Кроме того, мы считаем анахронизмом статью 411 в Уголовном кодексе. Выходит, что каждый по отдельности проступок не создает общественную опасность и не является преступлением. А совокупность этих проступков уже преступление. Но за все проступки осужденный уже понес дисциплинарное наказание — лишение передач и свиданий, нахождение в ШИЗО и т.д. Проступки эти не дестабилизируют работу исправительного учреждения, однако людей продолжают привлекать к уголовной ответственности по этой статье.
Ну, лежал человек днем на кровати. Бунт в колонии после этого не поднялся. Почему один такой случай не является уголовным преступлением, а пять таких нарушений является? Эта норма была принята в советское время для борьбы с так называемыми криминальными авторитетами. Мы считаем, что для заключенных достаточно других мер воздействия дисциплинарного характера.
К нам приходил человек, который не имеет никакого отношения к оппозиции, которого дважды привлекали по статье 411. В результате вместо того, чтобы отсидеть свои пять лет, он отсидел восемь. Я считаю, это ненормально. Тем более, по документам у него там нарушения «лежал на полу в ШИЗО», «лежал на кровати в камере», «ходил в тапочках по территории исправительное учреждение».
Если у власти есть задача подольше продержать человека в колонии, они используют 411 статью. Вспомним дело Дашкевича, Дедка и других политзаключенных. Причем нигде не обозначено, что эту норму нельзя использовать повторно. Да хоть 10 раз, да хоть 20! Теоретически человек всю жизнь может сидеть по таким основаниям. Этой статье не место в Уголовном кодексе.
— Валентин, а что вообще дает осужденному статус политзаключенного?
— Когда мы признаем человека политзаключенным, то обращаемся к властям с требованием его освободить. Но наши власти, как правило, не прислушиваются к правозащитникам и не признают, что в стране есть политзаключенные. «У нас есть нарушители закона», — отвечают чиновники. Так было в советское время, так есть и сейчас. Мы апеллируем к мировому сообществу, информируем международные структуры. И здесь, прямо скажем, все зависит от политической конъюнктуры. Будет ЕС требовать от белорусских властей освободить людей, значит, будет результат. Не будет, значит, не будет.

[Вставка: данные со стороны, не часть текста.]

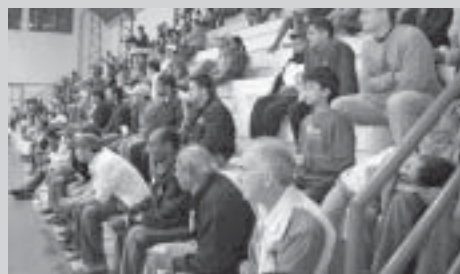
A arquibancada estava lotada. A torcida era grande dos dois times

dente de uma final, a disputa foi profissional e sagrou a Pizzaria Firenze/Santana A. C. vencedora do campeonato.

Самая ужасная ситуация была в 2010-м, когда было несколько десятков политзаключенных по «делу Площади». В 2011 году большинство из них освободили.
— В СИЗО КГБ находится около 20 человек, которых обвиняют в подготовке массовых беспорядках — так называемое «дело патриотов». Почему «Весна» не признает фигурантов политзаключенными?
— Мы выступили с заявлением, где отмечаем политически мотивированный характер преследования. Политзаключенными фигурантов мы пока действительно не признавали, потому что вся информация по делу закрыта. Нам показали страшные картинки по телевизору, с гранатами и автоматами.
Но у нас много вопросов по этому делу. Если вы нашли автоматы, почему не предъявлено обвинение по статье 295 УК (незаконные действия в отношении огнестрельного оружия, боеприпасов и взрывчатых веществ)? Мы помним, как в 2010-м по телевизору показывали гаражи, где оппозиция якобы хранила оружие, но по итогу ни одному фигуранту по «делу Площади-2010» не было предъявлено обвинение за оружие, а тот самый гараж в материалах дела не упоминался.
Мы также помним, как в 2006 году по БТ показали человека, якобы связанного с оппозицией. Он рассказывал, что проходил обучение на Кавказе, где были инструкторы из Америки и Ближнего Востока, которые учили его как при помощи крысы отравить водопровод. Куда делся этот человек? Никто не знает. Почему КГБ не рассказывает нам об этом?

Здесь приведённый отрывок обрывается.